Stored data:
━━━━

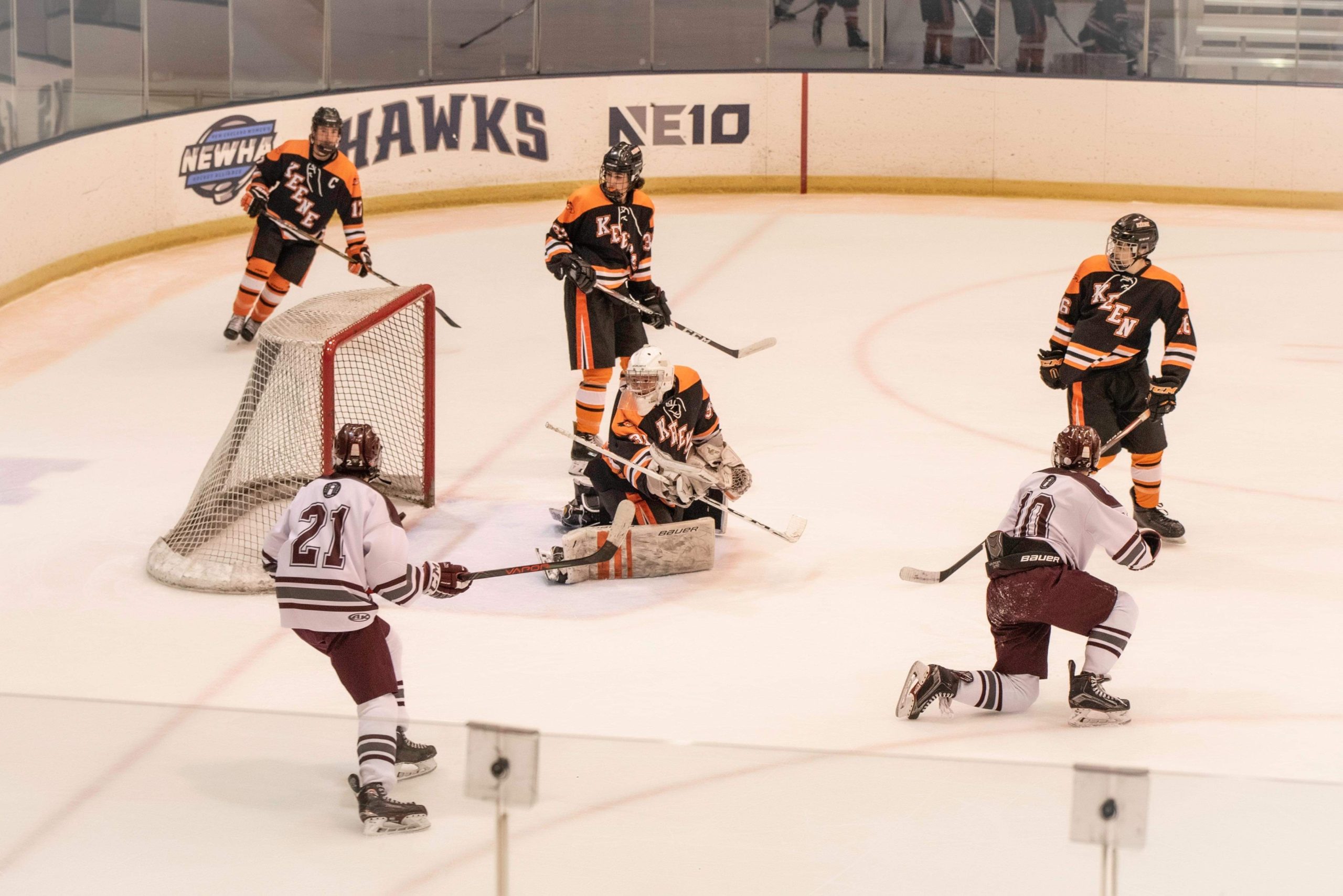 Jerred Tattersall possesses one of the best shots in all of Division II hockey, in my opinion. He is a goal scorer, a finisher. In the second period he scored a natural hat trick. His first goal of the period came at 1:25 on the aforementioned penalty being served by Milianes. Peter Haas had the lone assist on the play. Just a few seconds before the goal, Keene had hit the post with a shot. I thought that Goffstown was much better on their defensive assignments in this game despite being down another one of their top defenseman for this game. Keene may be one of the better offensive zone teams that Goffstown will see this year, especially the Black Birds first line. The value of possession of the puck for the Grizzlies especially when attempting to break out of their own end continues to plague them. Although I thought that if everyone moved the puck along as quickly and as decisive as Melanie Riendeau did tonight the Grizzlies would have been in better shape. Keene capitalized on that very trouble over the entire second period. At 7:25 of the period Tattersall scored again, this time from Joe Walsh. At 8:40 of the period, Peter Haas snagged a failed clearing attempt and walked in from the left point only to ring his shot off of the corner where the crossbar and post come together. Then at 11:04 Maddie Sage made an impossible save on Tattersall’s clean breakaway attempt. I am still unsure how she kept that puck out of the net. Jerred’s third goal was a backhand on the doorstep after Sage made saves on shots from Walsh and then another from Robbie Nowill. The goal came at 12:10 from Nowill and Walsh. These goals were the result of a great finishing touch by Tattersall but also came after Goffstown either had the puck or had an opportunity to clear the puck, and Keene ended up in possession of the little black rubber disc. Ben Brown took his turn when he hit iron with a shot off of the crossbar at 13:08. Keene would finish the period with a 3-1 lead, even though shots were even at 9-9 in the period.
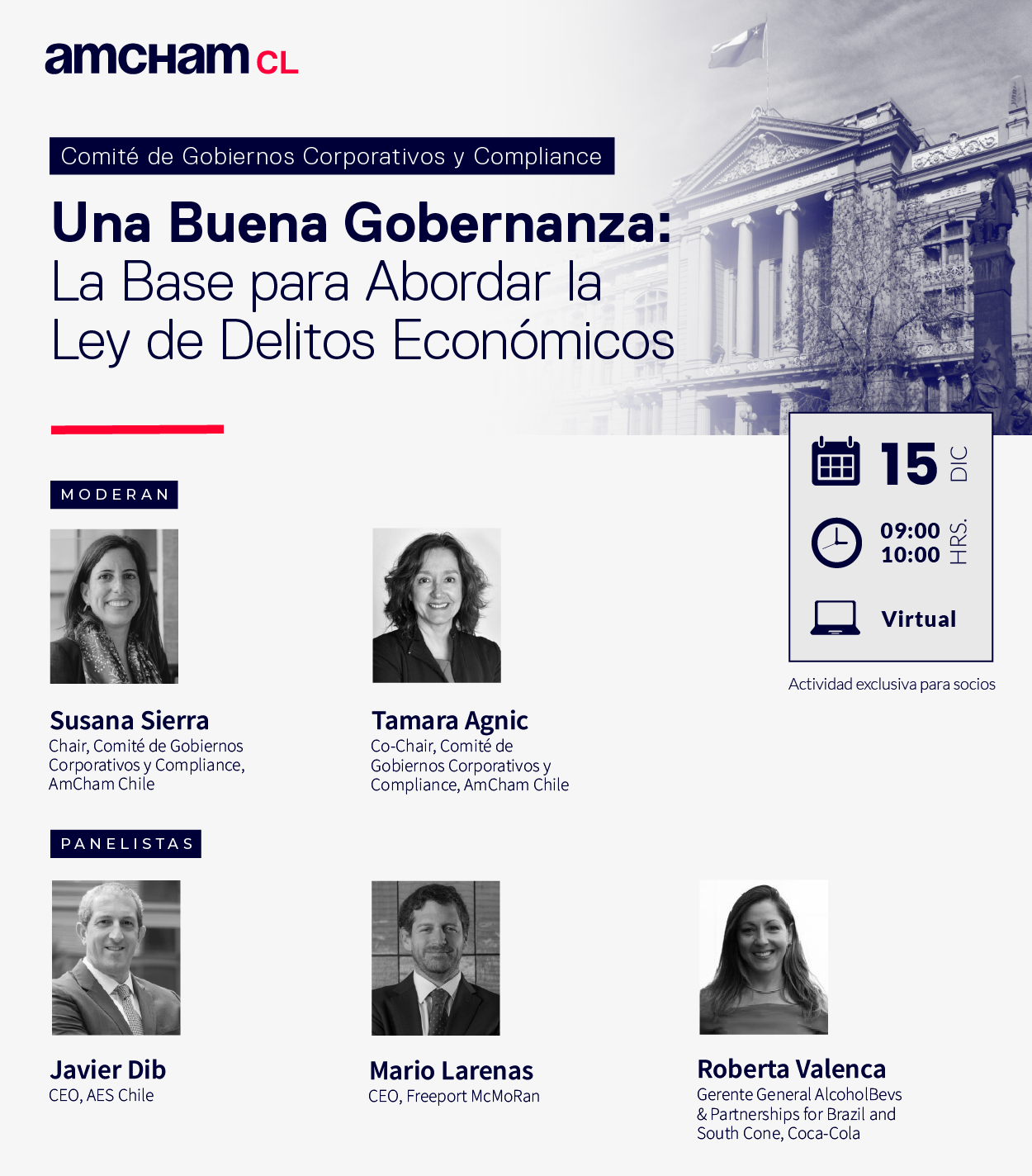 El Comité de Gobiernos Corporativos y Compliance de AmCham tiene el agrado de invitarte a participar en el webinar Una Buena Gobernanza: La Base para Abordar la Ley de Delitos Económicos, a realizarse el próximo 15 de diciembre a las 9:00 hrs. en formato virtual.
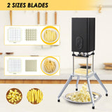- TWO SIZES OF BLADES: No need to cut potatoes into quarters or halves, this vertical french fries cutter machine is large enough to cut most potatoes and other vegetables. Cuts the entire potato in one go, even meet your commercial use, easy make and enjoy Michelin star flavor at home. Note that the blade is sharp, never touch the side of the blade with your hands
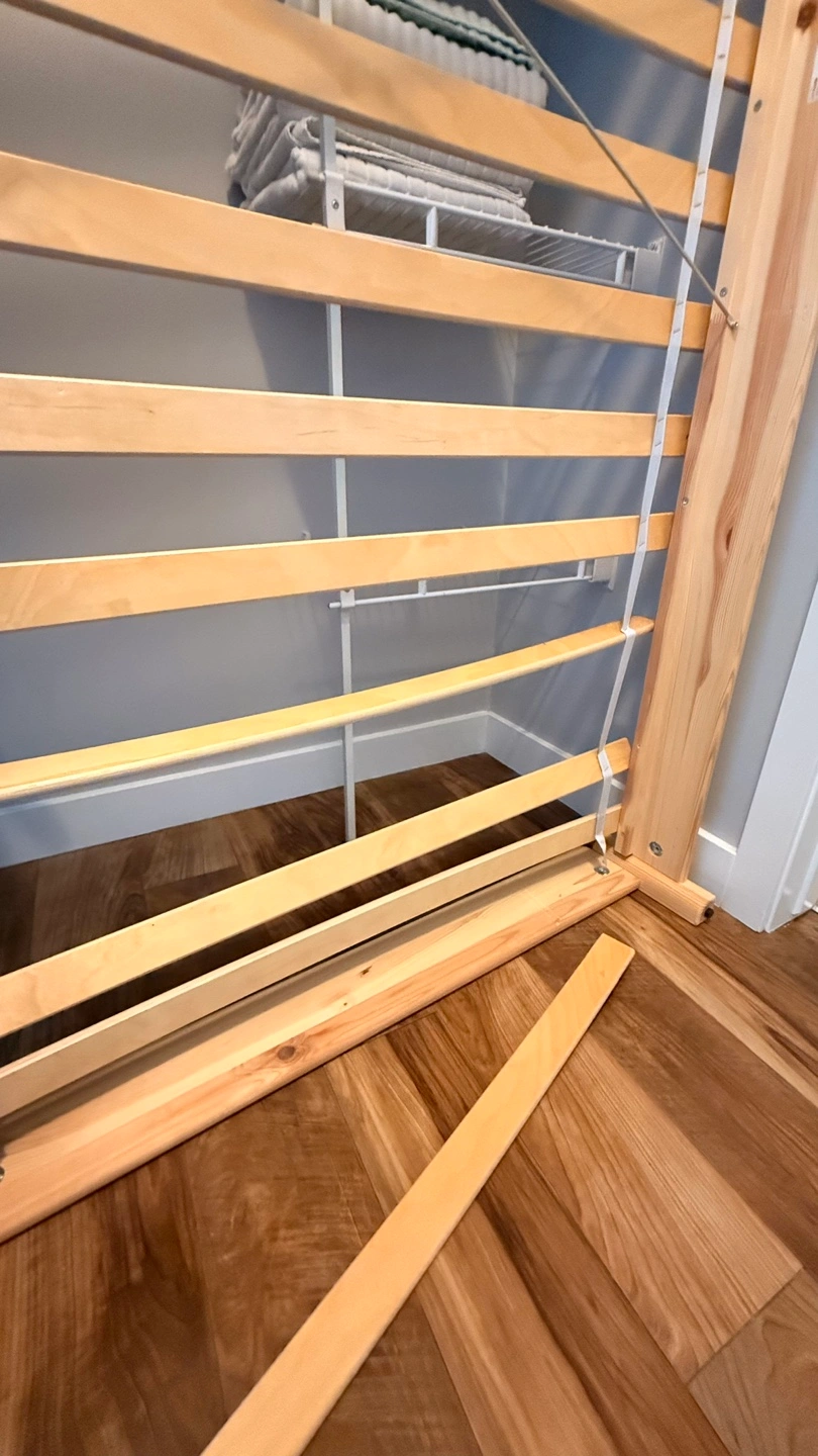 Great condition, one of the slats have come off, can be reattached with a staple gun but can also just be placed in position and doesnβt move when the mattress is placed on top.
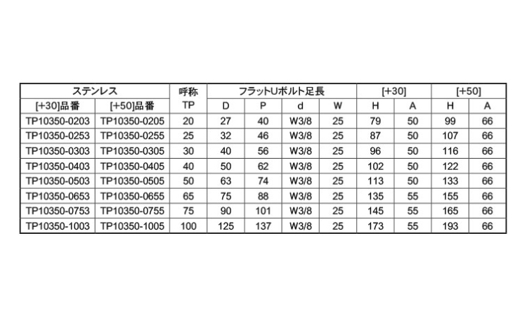 ステンレス | 生地 | フラットUボルト(+50(TP10350-0305 | 要確認 | なし | 1 | 3,371円 3,065円 | ||
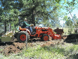 |  Mike digs power line trench from Machinery Barn to Cabin
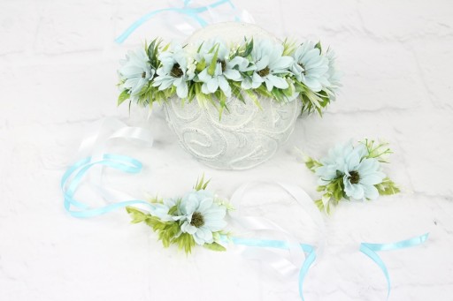 Wykonany z kwiatów rumianku w odcieniach niebieskich, z dodatkiem stylowych dekoracyjnych traw, idealnie wpisujących się w obecne trendy.
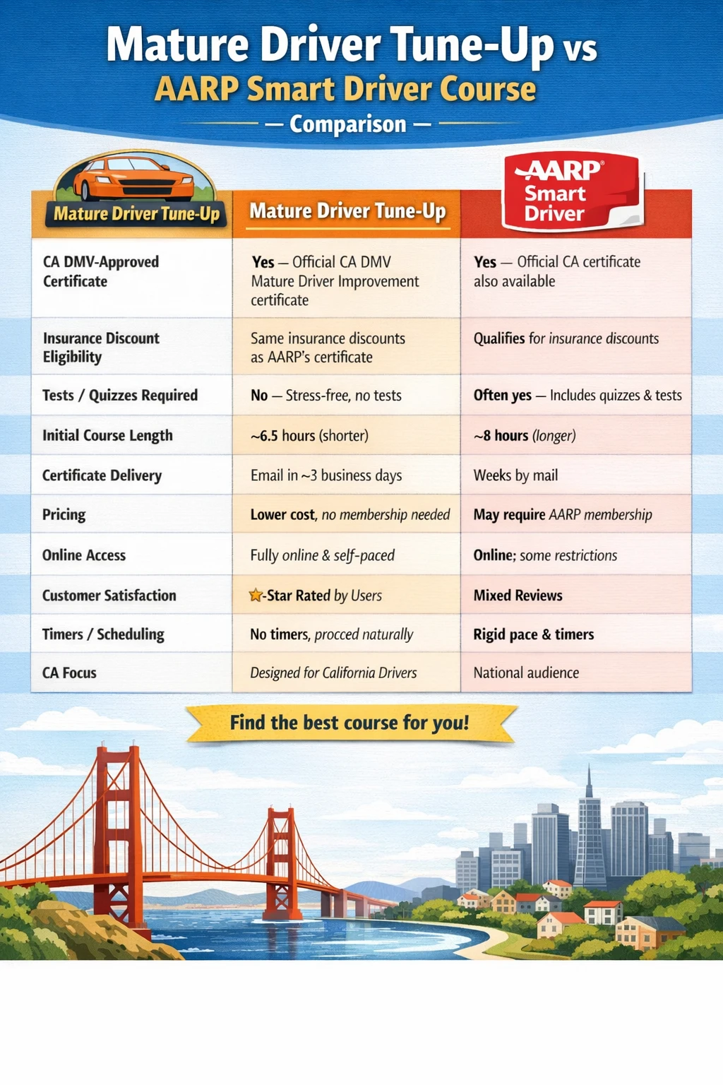Get the same renewal certificate and auto insurance discount—without the frustration with the Mature Driver Tune-Up course.
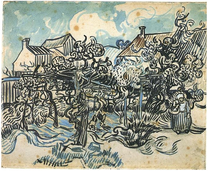 «El viejo viñedo con mujer campesina», es para mi muy interesante, creo es más como un estudio que una pintura. Incluso me atrevo a decir que es lo que ahora se denomina «sketching»*, con algunos tonos de azul y algunas notas amarillas. Lo que me encanta es que es un viñedo emparrado* y que los brazos de las vides son espirales dinámicas como zarcillos*. La mujer campesina se encuentra hierática*, como si el tiempo se hubiese llevado su alma. Eso mismo me hace sentir, el paso del tiempo.
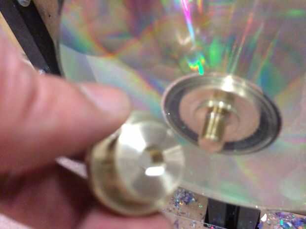la parte difícil fue el montaje de CD en el eje del motor. He intentado utilizar diferentes tipos de frutos secos pero montar el CD estaba tomando mucho tiempo con una llave para bloquear y desbloquear el CD, luego este chico me ayudó con el torneado de una pieza de metal que puede ser fijo en el eje que contiene el CD y puede apretarse con la mano "cualquier otra sugerencia es Bienvenido"!

━━━━

### Task
From the line containing "paso del tiempo." to the last line of the records above, return each line exactly, both ends included, and nothing more. Leave out the pictures.

### Exercise answer
 «El viejo viñedo con mujer campesina», es para mi muy interesante, creo es más como un estudio que una pintura. Incluso me atrevo a decir que es lo que ahora se denomina «sketching»*, con algunos tonos de azul y algunas notas amarillas. Lo que me encanta es que es un viñedo emparrado* y que los brazos de las vides son espirales dinámicas como zarcillos*. La mujer campesina se encuentra hierática*, como si el tiempo se hubiese llevado su alma. Eso mismo me hace sentir, el paso del tiempo.
la parte difícil fue el montaje de CD en el eje del motor. He intentado utilizar diferentes tipos de frutos secos pero montar el CD estaba tomando mucho tiempo con una llave para bloquear y desbloquear el CD, luego este chico me ayudó con el torneado de una pieza de metal que puede ser fijo en el eje que contiene el CD y puede apretarse con la mano "cualquier otra sugerencia es Bienvenido"!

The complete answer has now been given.